Несмотря на то что в воскресенье следователи отдыхали, меня днем вызвали на допрос. Кабинеты были пусты. Коридоры особенно гулки.
- Получили передачу? - спросил следователь.
- Да, спасибо, что разрешили.
- У вас ведь сегодня день рождения. Поздравляю. Передачу вам принесла моя мать. Она тоже просила вас поздравить.
Авторство передачи ошарашило. При чем тут мать следователя? Что за ересь? Значит, Барбара Ионовна и сегодня не пришла ко мне?
Я вдруг поняла, что ватрушка и яйца вкрутую куплены самим следователем в тюремном ларьке. Чувства унижения и обиды были неодолимыми. Я еле-еле сдерживалась, чтобы не заплакать.
- Что вы можете сказать о Николае Г.? - безжалостно приступил к допросу следователь, вернувшись к ленинградской теме.
О Коле Г.? Я была уверена, что он на фронте. Вспоминала о нем тепло.
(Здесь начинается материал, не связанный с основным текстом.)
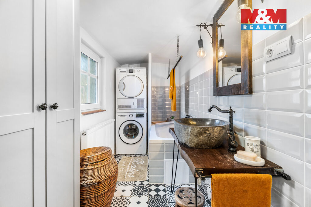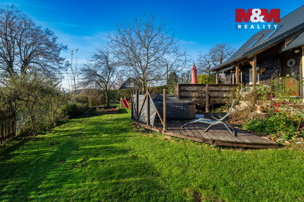 Na úpatí Ještědu, v Rozstání ve Světlé pod Ještědem, nabízíme stylovou chalupu, která prošla postupnou rekonstrukcí s citem pro detail. Dům spojuje původní atmosféru s moderním komfortem a je vhodný jak pro trvalé bydlení, tak rekreaci. Užitná plocha činí 185 m², zastavěná 119 m², pozemek má 842 m² se stodolou a parkováním na zahradě. V přízemí se nachází obývací pokoj, samostatná kuchyně, koupelna s vanou a samostatné WC. V podkroví pak ložnice, velký dětský pokoj a pracovní kout. Vytápění zajišťuje automatický kotel na pelety řízený WiFi termostatem, ohřev vody zajištěn bojlerem. Dům má hliníkovou střechu, veřejný vodovod, septik s přepadem. Udržovaná zahrada je oplocená, s terasou, krytým posezením a místem pro relax a vířivku. Nemovitost je využívána k trvalému bydlení. Dojezd do Liberce 15 minut, Českého Dubu 7 km, Osečné 9 km.

Коля когда-то любил меня, моих сестер, маму.
- Коля? Романтичный, добрый, порядочный человек.
- Романтика! Романтика! Когда вы научитесь смотреть на все трезвыми глазами? Почему все время за иллюзии прячетесь?
В хаосе допросов я давно поняла, что следователь добивается от меня своего "понимания вещей". Но это было недозволительно. Абсурд! "Какое ему дело до моих иллюзий? Куда он лезет?" - неприязненно думала я и запиралась на все замки от "личных" вопросов.
Не сумев вызвать меня на продолжение разговора, он протянул мне лист бумаги.
"Протокол допроса Г, Николая Григорьевича, осужденного на 10 лет по статье 58 часть вторая" - прочла я. - Год 1941-й".
"Коля тоже арестован? Осужден? Прошел эту же страду? Бедный!" Среди прочих вопросов и ответов такой: "Что вы можете сказать о семье Петкевич?"
Коля давал показания: моя мама и я систематически вели антисоветские разговоры и вовлекали в них его. Мы, то есть я и мама, были злостно настроены против советской власти и т. д. Из протокола явствовало, что мы с мамой сбили его с пути истинного.
Свет, померк в глазах. Нет! Нет! Только не это. Он сам так не мог говорить. Его били, заставили. Не иначе.
Следователь распространялся относительно моих заблуждений и неумения смотреть на мир здраво. Его сентенции просеивались сознанием. Удар был слишком сильным. Казалось, после этого не смогу принять никакой боли. Однако главное только ожидало.
Неожиданно он спросил, нет ли у меня какой-нибудь просьбы. Он, мол, готов ради дня рождения выполнить любую.
Просьба? Была. Самая огромная из всех. Постоянная. Сущая.
- Дайте мне свидание с мужем! - выдохнула я с трепетом, с надеждой, только что зашибленная предательством давнего друга.
- Зачем? - заледенев при имени Эрика, спросил следователь.
Что можно было ответить? Для того, чтобы увидеть его, понять, как он и что с ним, ощутить себя необходимой, убедиться в том, что никаким арестам и тюрьмам не повлиять на нашу с ним жизнь…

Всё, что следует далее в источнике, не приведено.